In order to create a standard interpretation, every surgeon taking part in the trial received training in uterine tone assessment. Hemodynamic data such as heart rate, systolic and diastolic blood pressure, and oxygen saturation were recorded by the record-keeper at 1, 5 and 10 minutes intervals after the extraction of the baby, and the adverse events such as nausea, PPH, tachysystole, uneasiness in chest/chest pain, any other uterotonic used via any other route and use of blood and blood product transfusions.

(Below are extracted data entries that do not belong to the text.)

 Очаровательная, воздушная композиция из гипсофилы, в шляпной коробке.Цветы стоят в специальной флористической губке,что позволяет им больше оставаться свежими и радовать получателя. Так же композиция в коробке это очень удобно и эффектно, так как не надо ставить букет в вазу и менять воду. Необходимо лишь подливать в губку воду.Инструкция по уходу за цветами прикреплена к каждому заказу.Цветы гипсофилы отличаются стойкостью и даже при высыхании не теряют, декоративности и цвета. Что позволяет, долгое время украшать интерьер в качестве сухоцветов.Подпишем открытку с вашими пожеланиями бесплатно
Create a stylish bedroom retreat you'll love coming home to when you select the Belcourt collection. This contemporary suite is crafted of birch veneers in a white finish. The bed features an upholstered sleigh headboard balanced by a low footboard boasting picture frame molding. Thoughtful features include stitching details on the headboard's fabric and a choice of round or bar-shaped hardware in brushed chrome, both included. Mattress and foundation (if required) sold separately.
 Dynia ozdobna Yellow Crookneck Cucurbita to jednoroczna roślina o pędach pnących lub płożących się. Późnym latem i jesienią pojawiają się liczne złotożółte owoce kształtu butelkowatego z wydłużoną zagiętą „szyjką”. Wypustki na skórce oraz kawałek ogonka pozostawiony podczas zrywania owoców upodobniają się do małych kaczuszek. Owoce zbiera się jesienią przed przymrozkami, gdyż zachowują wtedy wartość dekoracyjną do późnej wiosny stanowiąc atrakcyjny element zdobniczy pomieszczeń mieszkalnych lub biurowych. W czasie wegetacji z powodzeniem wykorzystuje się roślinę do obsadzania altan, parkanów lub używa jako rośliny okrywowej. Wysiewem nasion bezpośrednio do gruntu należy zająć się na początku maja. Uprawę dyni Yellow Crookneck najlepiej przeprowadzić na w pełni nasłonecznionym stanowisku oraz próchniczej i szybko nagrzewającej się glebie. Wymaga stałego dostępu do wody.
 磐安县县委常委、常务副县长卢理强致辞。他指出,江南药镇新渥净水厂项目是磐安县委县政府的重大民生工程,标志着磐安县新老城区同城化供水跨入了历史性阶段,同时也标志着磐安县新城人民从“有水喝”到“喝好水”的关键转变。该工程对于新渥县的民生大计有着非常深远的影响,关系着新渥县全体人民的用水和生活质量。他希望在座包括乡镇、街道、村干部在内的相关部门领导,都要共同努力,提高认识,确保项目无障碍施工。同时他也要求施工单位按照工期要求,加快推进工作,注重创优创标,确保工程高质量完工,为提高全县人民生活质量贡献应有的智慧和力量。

Postoperatively total of 5 pints of iv fluids (2 pints ringer lactate, 2 pints 0.9% normal saline and 1 pint DNS) were given at 100 mL/hr over 24 hours along with antibiotics and analgesics. The difference between the levels of hemoglobin before and after surgery was used to compute the total blood loss. The preoperative hemoglobin level was measured within 24 hours of posting the patient for LSCS, and the post-operative hemoglobin level was measured 48 hours following the cesarean delivery.
Statistical Analysis
All attributes were summarized descriptively. The summary statistics of N, mean, and standard deviation (SD) were applied to continuous variables. When it came to categorical data, the summaries and analyses employed percentages and numbers, as well as the Chi-square test for association, the t-test for mean comparison, ANOVA, and diagrammatic presentation.
RESULTS
A total of 857 pregnant women underwent cesarean sections during the study period. The first 100 pregnant women who fit the study requirements were included in the study. Informed written consent was obtained and randomized into group I (Carbetocin group) and group II (Oxytocin group). There were no drop-outs after inclusion in the study. Group I and group II were homogeneous with respect to patient characteristics. There was no statistically significant difference across the two groups in the women’s age, parity, obstetric score, or weight (Table 1). This study excluded women in active labor. We included the women in early labor defined as less than 6 cm cervical dilation. In both study groups, the proportion of these women was comparable (p-value 0.335 - not significant). Hemoglobin levels prior to operation and the postoperative hemoglobin levels on day 2 of surgery were measured. The drop in the hemoglobin levels was measured and found to be similar, and although there was a statistically significant difference between the two groups, the difference is not substantial in terms of clinical outcomes (Table 2). The uterine tone was assessed at 1, 3, 5, and 10 minutes in both the groups after administration of the drug on a scale of 1–5. It was found to be similar in the both the groups over the time intervals (p-value > 0.05) (Table 3). The variations in vital parameters heart rate, systolic BP, diastolic BP and SpO2 were recorded at 1, 5, and 10 minutes. No significant variability was noted in both the groups (Table 4). The adverse events following the administration of drugs, such as nausea, PPH, tachysystole, uneasiness in chest/chest pain, were looked out for. One case in group II had nausea. No other cases in both the groups reported any adverse reactions (p-value 0.315) (Table 5). In two cases in group I and four cases in group II, additional uterotonics were delivered. Two cases in group I and one case in group II involved the transfusion of blood and blood components.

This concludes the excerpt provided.